__Task objective__
In the data below, find the line with "Ontwerp neogotisch glasraam" and the line with "Burberry Ladies Tops.", then restate both and every line between them exactly, minus the pictures.

(Beginning of Input for this task)

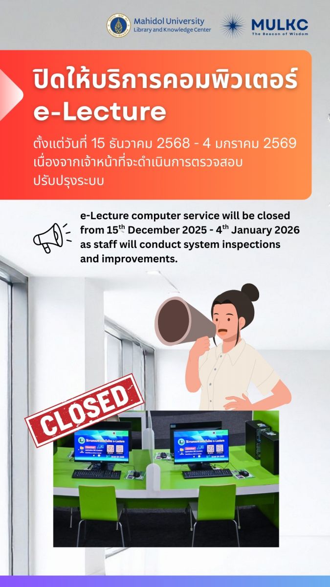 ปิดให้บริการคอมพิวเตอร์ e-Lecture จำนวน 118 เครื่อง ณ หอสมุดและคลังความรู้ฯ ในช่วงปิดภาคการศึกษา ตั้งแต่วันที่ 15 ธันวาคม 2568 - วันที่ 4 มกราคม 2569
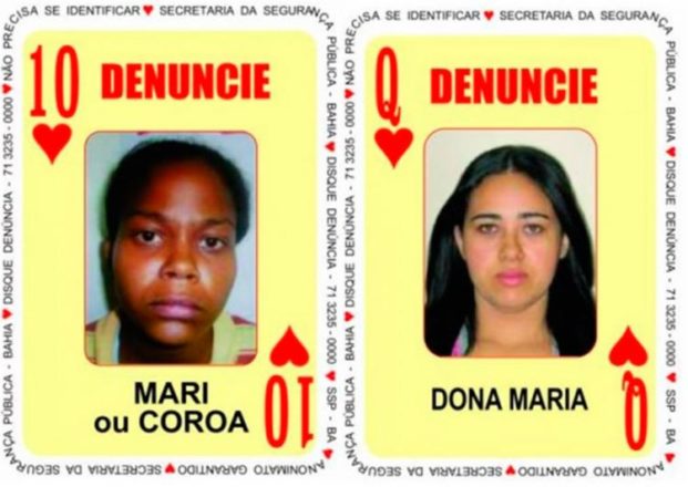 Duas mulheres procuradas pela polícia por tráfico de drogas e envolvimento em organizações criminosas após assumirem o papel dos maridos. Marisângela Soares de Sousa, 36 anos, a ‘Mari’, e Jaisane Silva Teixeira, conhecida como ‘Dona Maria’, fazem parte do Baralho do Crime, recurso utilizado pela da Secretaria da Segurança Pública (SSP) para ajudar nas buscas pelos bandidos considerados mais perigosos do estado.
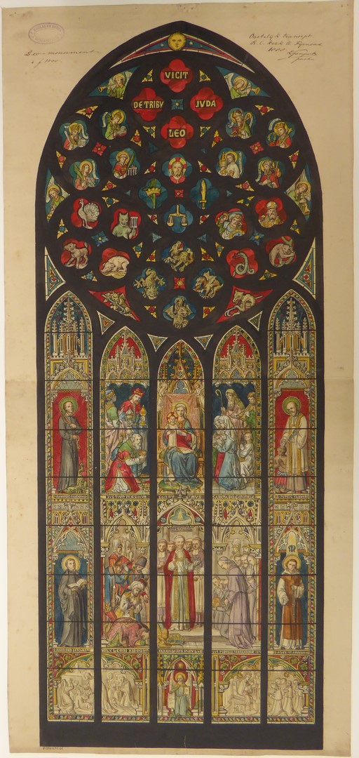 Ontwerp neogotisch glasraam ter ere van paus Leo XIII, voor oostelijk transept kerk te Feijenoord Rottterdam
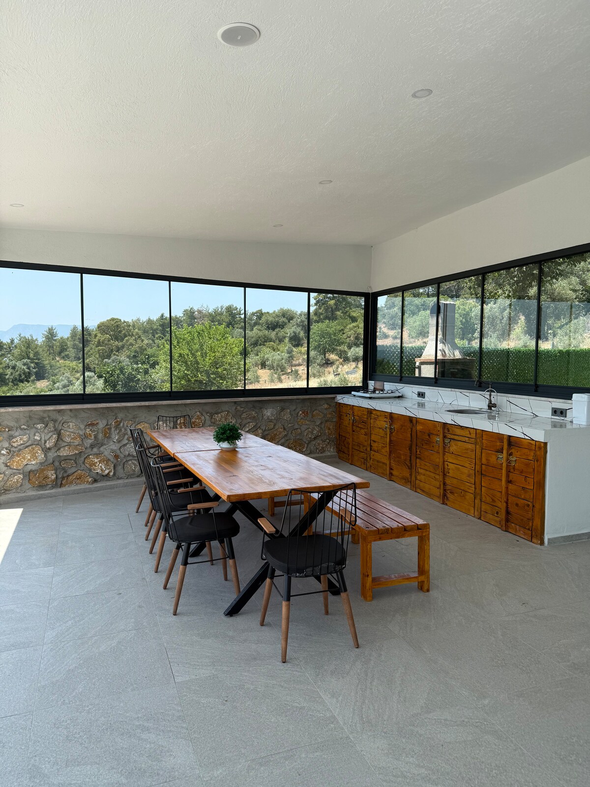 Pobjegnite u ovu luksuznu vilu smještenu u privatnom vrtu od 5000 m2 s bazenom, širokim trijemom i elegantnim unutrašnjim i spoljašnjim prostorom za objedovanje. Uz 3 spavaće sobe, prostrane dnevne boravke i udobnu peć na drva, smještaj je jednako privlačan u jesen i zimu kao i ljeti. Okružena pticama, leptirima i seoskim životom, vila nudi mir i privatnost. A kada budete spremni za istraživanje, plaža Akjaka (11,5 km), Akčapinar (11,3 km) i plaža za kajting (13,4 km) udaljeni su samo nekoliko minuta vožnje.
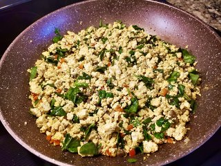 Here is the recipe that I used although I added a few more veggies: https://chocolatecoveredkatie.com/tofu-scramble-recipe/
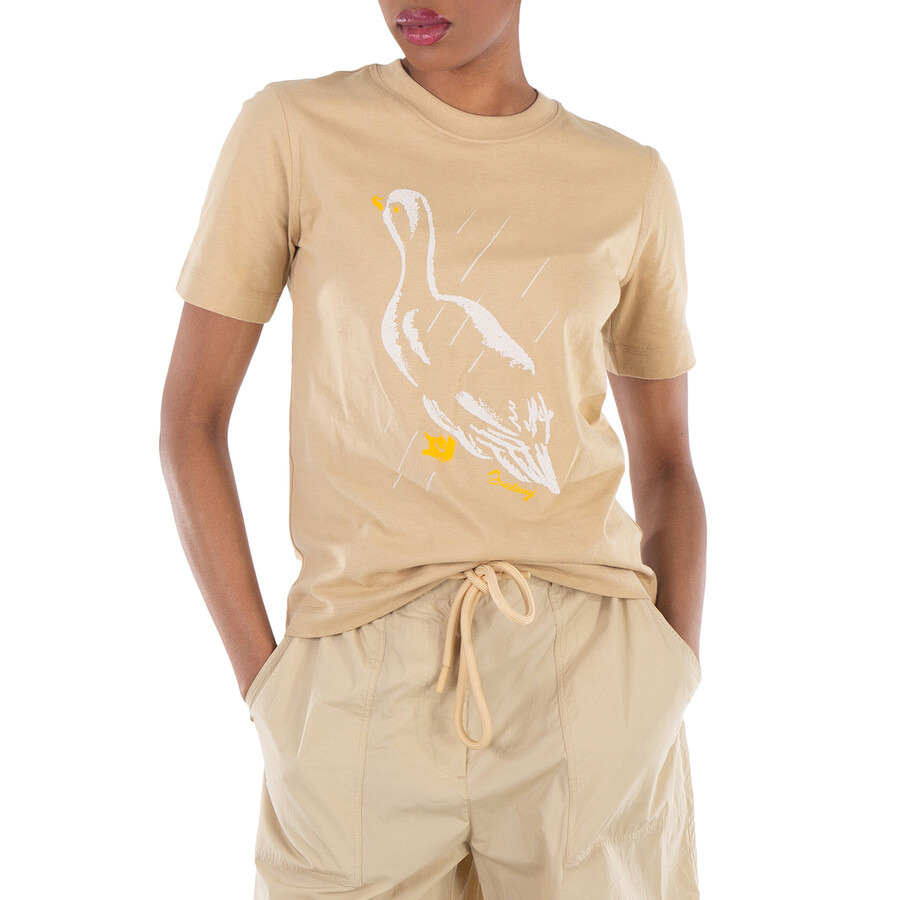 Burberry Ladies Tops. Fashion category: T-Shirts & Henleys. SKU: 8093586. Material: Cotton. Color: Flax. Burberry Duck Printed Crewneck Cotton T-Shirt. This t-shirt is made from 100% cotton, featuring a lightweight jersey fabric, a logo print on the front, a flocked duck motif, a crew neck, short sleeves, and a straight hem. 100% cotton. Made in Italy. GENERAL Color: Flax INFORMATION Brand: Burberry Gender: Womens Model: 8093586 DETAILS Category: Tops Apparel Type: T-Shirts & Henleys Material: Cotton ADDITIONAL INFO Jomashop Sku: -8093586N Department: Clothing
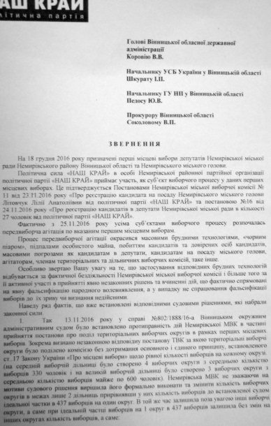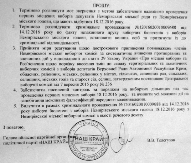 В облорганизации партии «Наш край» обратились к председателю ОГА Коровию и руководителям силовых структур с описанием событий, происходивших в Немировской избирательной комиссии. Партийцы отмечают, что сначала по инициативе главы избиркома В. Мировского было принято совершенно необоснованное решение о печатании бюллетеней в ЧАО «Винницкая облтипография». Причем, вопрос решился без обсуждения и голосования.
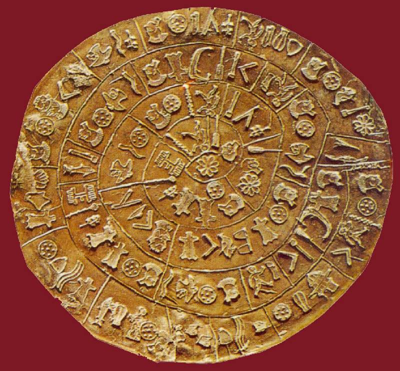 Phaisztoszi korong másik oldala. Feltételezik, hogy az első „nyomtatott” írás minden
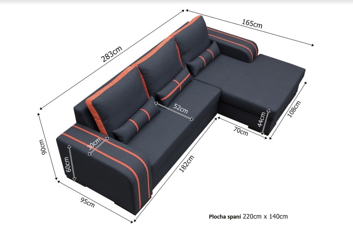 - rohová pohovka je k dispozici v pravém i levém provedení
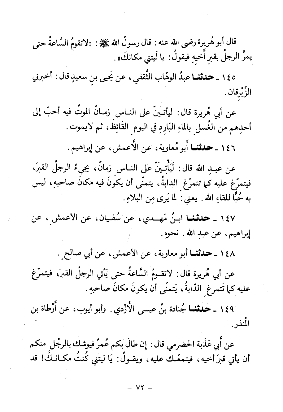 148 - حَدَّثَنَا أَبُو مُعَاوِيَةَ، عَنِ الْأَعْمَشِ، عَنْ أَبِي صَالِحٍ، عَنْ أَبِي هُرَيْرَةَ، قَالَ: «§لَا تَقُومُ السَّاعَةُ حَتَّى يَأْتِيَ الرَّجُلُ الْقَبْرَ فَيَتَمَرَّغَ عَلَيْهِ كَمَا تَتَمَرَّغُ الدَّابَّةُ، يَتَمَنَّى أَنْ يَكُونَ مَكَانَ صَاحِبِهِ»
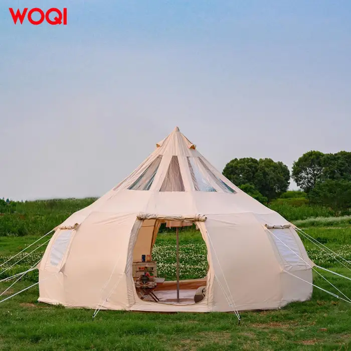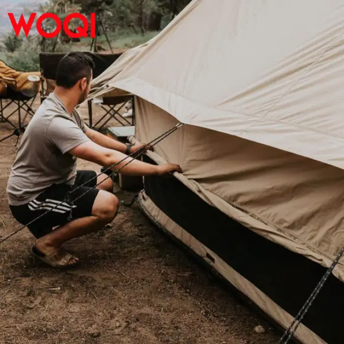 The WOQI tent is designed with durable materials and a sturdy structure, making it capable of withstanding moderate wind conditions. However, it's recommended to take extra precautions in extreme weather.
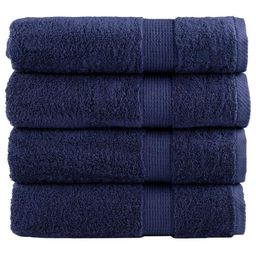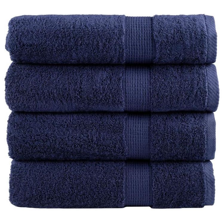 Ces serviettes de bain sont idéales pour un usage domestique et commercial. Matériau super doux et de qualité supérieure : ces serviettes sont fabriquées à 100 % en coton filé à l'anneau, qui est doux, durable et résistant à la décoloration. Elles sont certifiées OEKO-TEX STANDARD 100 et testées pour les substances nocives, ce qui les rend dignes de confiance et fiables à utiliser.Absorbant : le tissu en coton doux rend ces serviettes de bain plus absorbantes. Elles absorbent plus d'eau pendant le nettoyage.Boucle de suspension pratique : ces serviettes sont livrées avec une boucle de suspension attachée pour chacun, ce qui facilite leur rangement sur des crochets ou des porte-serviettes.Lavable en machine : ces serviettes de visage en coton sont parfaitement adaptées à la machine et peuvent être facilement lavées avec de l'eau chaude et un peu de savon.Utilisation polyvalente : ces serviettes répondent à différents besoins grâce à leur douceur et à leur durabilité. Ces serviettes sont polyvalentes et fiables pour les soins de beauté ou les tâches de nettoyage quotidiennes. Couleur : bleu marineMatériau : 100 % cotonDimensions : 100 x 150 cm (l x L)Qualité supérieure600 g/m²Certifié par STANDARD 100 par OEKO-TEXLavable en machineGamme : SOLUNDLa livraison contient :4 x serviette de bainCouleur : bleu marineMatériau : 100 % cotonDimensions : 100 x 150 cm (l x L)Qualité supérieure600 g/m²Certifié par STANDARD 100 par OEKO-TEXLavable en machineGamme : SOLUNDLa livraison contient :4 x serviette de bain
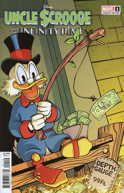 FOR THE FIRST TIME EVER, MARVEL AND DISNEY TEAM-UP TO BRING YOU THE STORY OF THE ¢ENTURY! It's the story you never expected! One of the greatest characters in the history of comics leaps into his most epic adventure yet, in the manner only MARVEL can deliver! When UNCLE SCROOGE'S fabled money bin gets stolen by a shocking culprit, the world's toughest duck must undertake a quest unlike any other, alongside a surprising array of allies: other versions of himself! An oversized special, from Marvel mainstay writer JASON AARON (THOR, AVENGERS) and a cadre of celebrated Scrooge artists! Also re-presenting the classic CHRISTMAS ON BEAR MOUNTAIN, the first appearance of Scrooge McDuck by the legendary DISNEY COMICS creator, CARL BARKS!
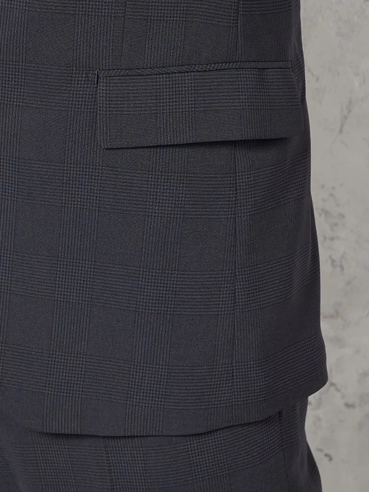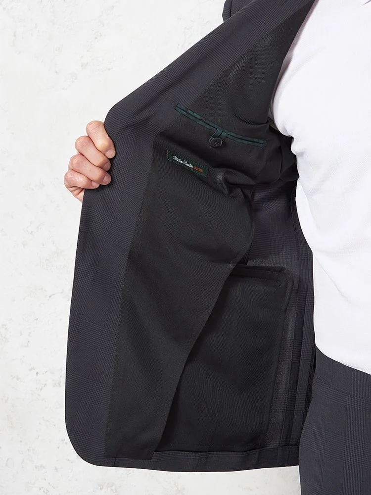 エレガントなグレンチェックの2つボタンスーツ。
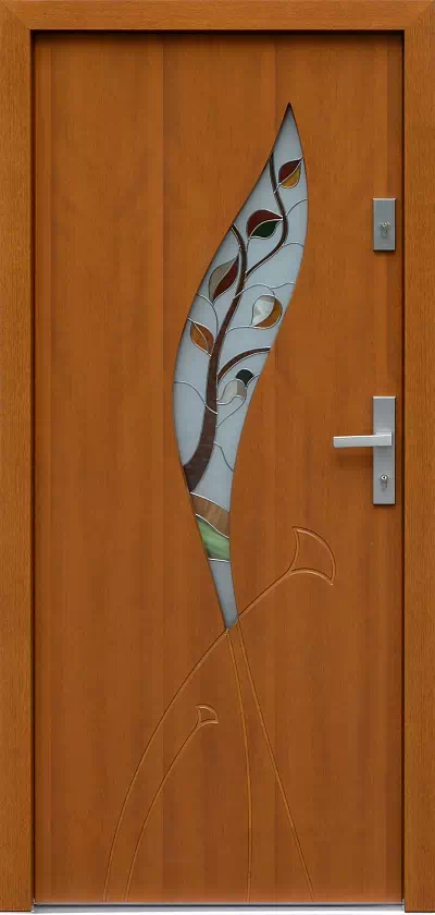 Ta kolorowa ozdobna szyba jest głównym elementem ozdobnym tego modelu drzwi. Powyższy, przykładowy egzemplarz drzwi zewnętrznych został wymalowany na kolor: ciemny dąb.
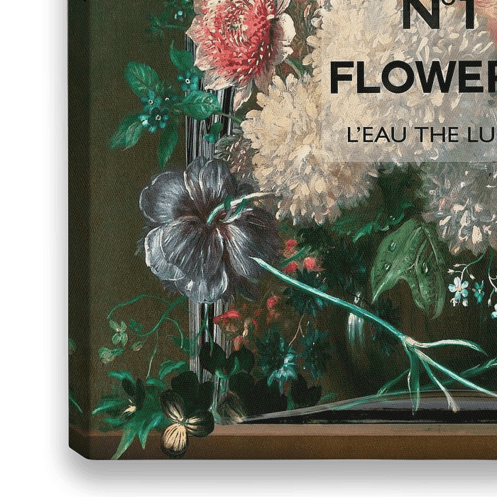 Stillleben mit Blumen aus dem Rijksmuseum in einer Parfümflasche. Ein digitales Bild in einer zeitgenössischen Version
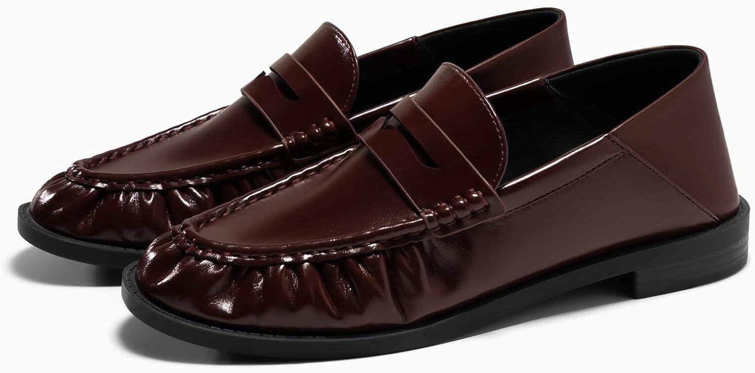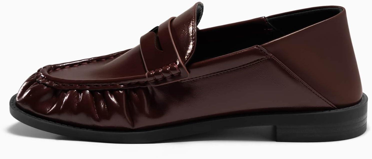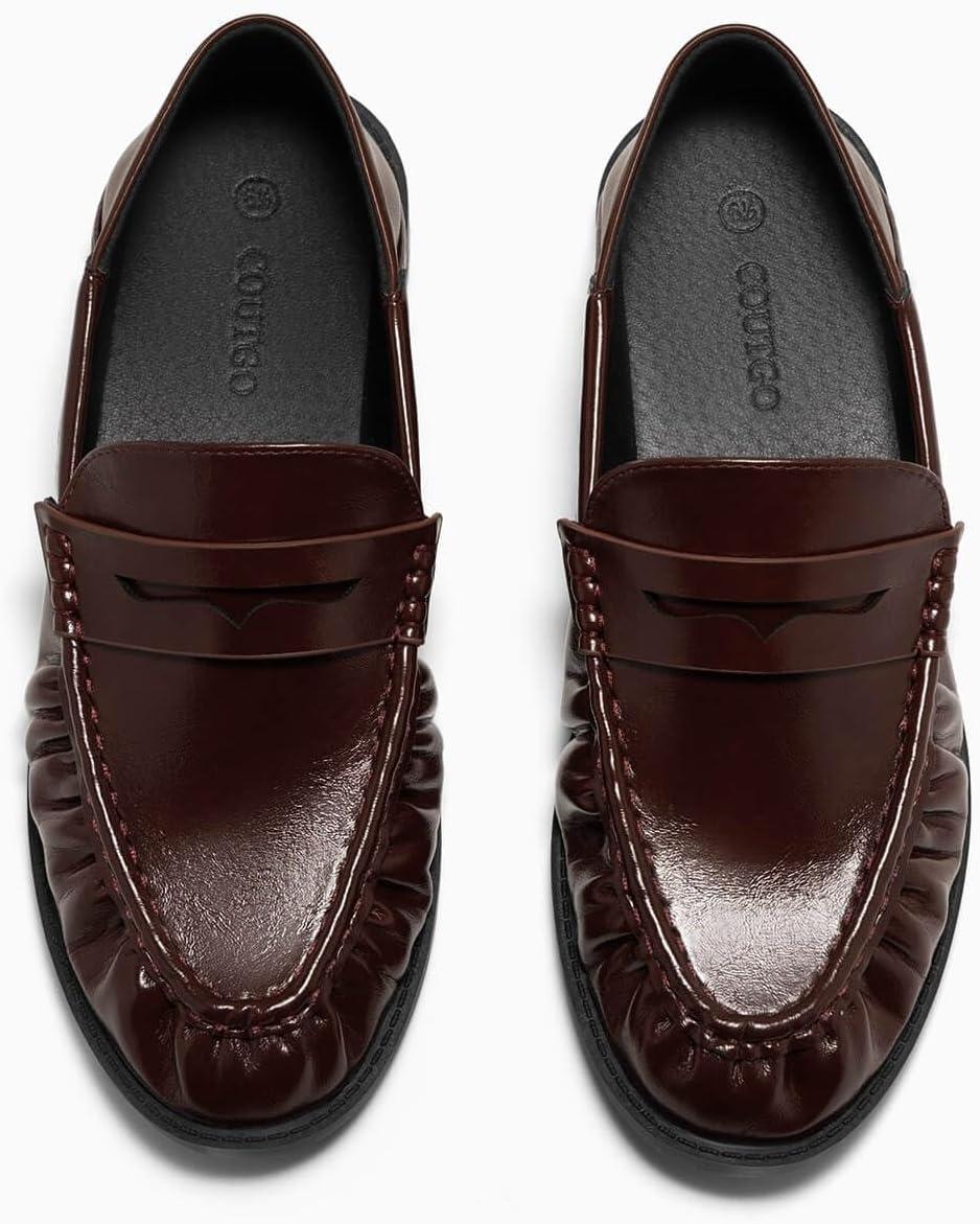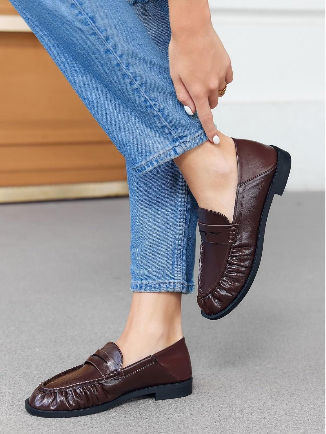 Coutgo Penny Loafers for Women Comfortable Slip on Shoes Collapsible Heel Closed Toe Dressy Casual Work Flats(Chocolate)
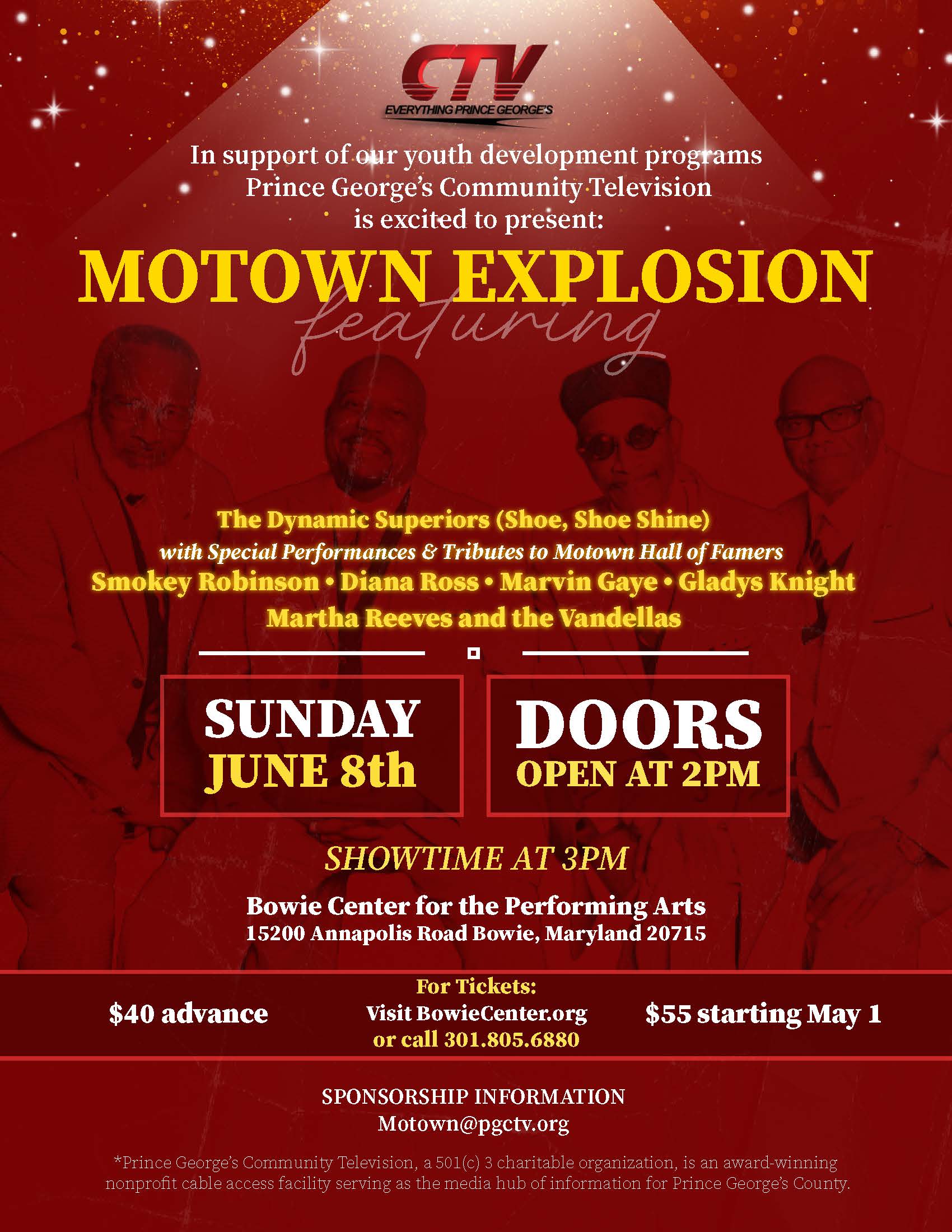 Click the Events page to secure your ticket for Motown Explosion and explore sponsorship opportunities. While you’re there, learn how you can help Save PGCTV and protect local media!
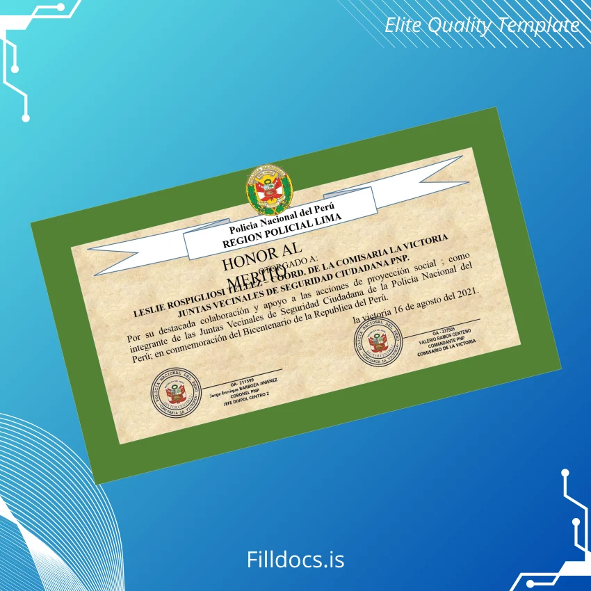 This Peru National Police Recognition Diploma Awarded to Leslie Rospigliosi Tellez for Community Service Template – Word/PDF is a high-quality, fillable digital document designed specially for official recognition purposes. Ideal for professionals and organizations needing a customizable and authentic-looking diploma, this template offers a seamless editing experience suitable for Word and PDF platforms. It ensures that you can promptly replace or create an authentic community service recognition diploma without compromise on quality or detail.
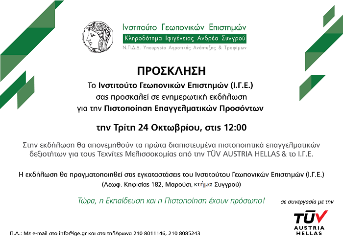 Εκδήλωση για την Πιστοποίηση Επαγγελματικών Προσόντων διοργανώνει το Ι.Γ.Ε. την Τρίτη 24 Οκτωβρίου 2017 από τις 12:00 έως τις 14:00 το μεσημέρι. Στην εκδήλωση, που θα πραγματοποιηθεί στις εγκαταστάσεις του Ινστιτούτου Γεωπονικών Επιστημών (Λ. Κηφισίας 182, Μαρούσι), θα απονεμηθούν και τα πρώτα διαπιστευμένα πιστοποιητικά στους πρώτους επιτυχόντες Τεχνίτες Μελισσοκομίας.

(End of Input for this task)

__Answer to this task__
 Ontwerp neogotisch glasraam ter ere van paus Leo XIII, voor oostelijk transept kerk te Feijenoord Rottterdam
 Pobjegnite u ovu luksuznu vilu smještenu u privatnom vrtu od 5000 m2 s bazenom, širokim trijemom i elegantnim unutrašnjim i spoljašnjim prostorom za objedovanje. Uz 3 spavaće sobe, prostrane dnevne boravke i udobnu peć na drva, smještaj je jednako privlačan u jesen i zimu kao i ljeti. Okružena pticama, leptirima i seoskim životom, vila nudi mir i privatnost. A kada budete spremni za istraživanje, plaža Akjaka (11,5 km), Akčapinar (11,3 km) i plaža za kajting (13,4 km) udaljeni su samo nekoliko minuta vožnje.
 Here is the recipe that I used although I added a few more veggies: https://chocolatecoveredkatie.com/tofu-scramble-recipe/
 Burberry Ladies Tops. Fashion category: T-Shirts & Henleys. SKU: 8093586. Material: Cotton. Color: Flax. Burberry Duck Printed Crewneck Cotton T-Shirt. This t-shirt is made from 100% cotton, featuring a lightweight jersey fabric, a logo print on the front, a flocked duck motif, a crew neck, short sleeves, and a straight hem. 100% cotton. Made in Italy. GENERAL Color: Flax INFORMATION Brand: Burberry Gender: Womens Model: 8093586 DETAILS Category: Tops Apparel Type: T-Shirts & Henleys Material: Cotton ADDITIONAL INFO Jomashop Sku: -8093586N Department: Clothing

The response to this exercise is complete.